Michael Schulze von Glaßer im Gespräch mit Ulla Jelpke. Sie ist die innenpolitischen Sprecherin der Fraktion DIE LINKE im Bundestag.
Michael Schulze von Glaßer: Bundesinnenminister Wolfgang Schäuble hält Anschläge, die denen vom 11. September 2001 in den USA ähneln, in Deutschland für möglich. Auch die Geheimdienste warnen vor islamistischen Terroranschlägen in Deutschland. Wie schätzen Sie die Sicherheitslage in Deutschland ein?
Ulla Jelpke: Ich bin einerseits fest davon überzeugt, dass sehr viel Angst-Mache dabei ist. Andererseits muss man bedenken, dass die Bundeswehr heute im Ausland eingesetzt wird – beispielsweise in Afghanistan. Möglicherweise war auch der deutsche Geheimdienst BND am Irak-Krieg beteiligt und hat dort zu bombardierende Objekte ausgekundschaftet. Daher kann es nicht ausgeschlossen werden, dass es in Deutschland zu Anschlägen kommt. Das was gegenwärtig betrieben wird ist meiner Meinung nach eine routinemäßige Angst-Macherei. Es gibt keine neuen Fakten. Auch interne Quellen aus dem Innenministerium bestätigen das. Im Grunde liegen keine Erkenntnisse über geplante Terroranschläge vor.
Eine oft hervorgebrachte Forderung von Innenminister Wolfgang Schäuble und Verteidigungsminister Franz Josef Jung ist der Einsatz der Bundeswehr im Inland zum Schutz vor Terroranschlägen…

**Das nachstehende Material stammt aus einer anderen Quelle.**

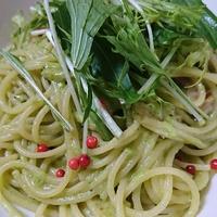 簡単!さっぱり! バジルの代わりに、水菜を使用して作るジェノベーゼ風のパスタです。 材料を合わせて撹拌するだけでソースが出来るので簡単に作れます! オリーブオイルが少なめで牛乳が入っているので、あっさりとした仕上がりです。

Grundsätzlich bin ich der Meinung, dass die Bundeswehr im Inland nichts zu suchen hat – das ist auch verfassungsmäßig so festgelegt. Wir haben ja schon den Bundeswehreinsatz beim G8-Gipfel 2007 in Heiligendamm miterlebt. Mittlerweile wird versucht die Bevölkerung systematisch an die Bundeswehr in der Öffentlichkeit zu gewöhnen. Der Einsatz beim G8-Gipfel war aber nur ein Testballon. Ein Jahr zuvor war die Bundeswehr auch schon bei der Fußball-Weltmeisterschaft in Deutschland im Großeinsatz – allerdings nur in der zweiten Reihe. Während des G8-Gipfels hat sie de facto Polizeiaufgaben übernommen und sich sehr präsent gezeigt. Wir sind grundsätzlich gegen die Pläne von Innenminister Schäuble und Verteidigungsminister Jung, die Bundeswehr im Inland einzusetzen. Wir stellen auch permanent Kleine Anfragen im Bundestag dazu, um deutlich zu machen, dass ein System hinter den Einsätzen steckt, um die Militarisierung nach Innen weiterhin zu betreiben. Das gilt auch für die sogenannte Amtshilfe, die Regierungsantworten auf unsere Anfragen lassen klar erkennen, dass es eine Zunahme der Amtshilfeersuchen von Kommunen und Ländern gibt. Diese Militarisierung lehnen wir ab.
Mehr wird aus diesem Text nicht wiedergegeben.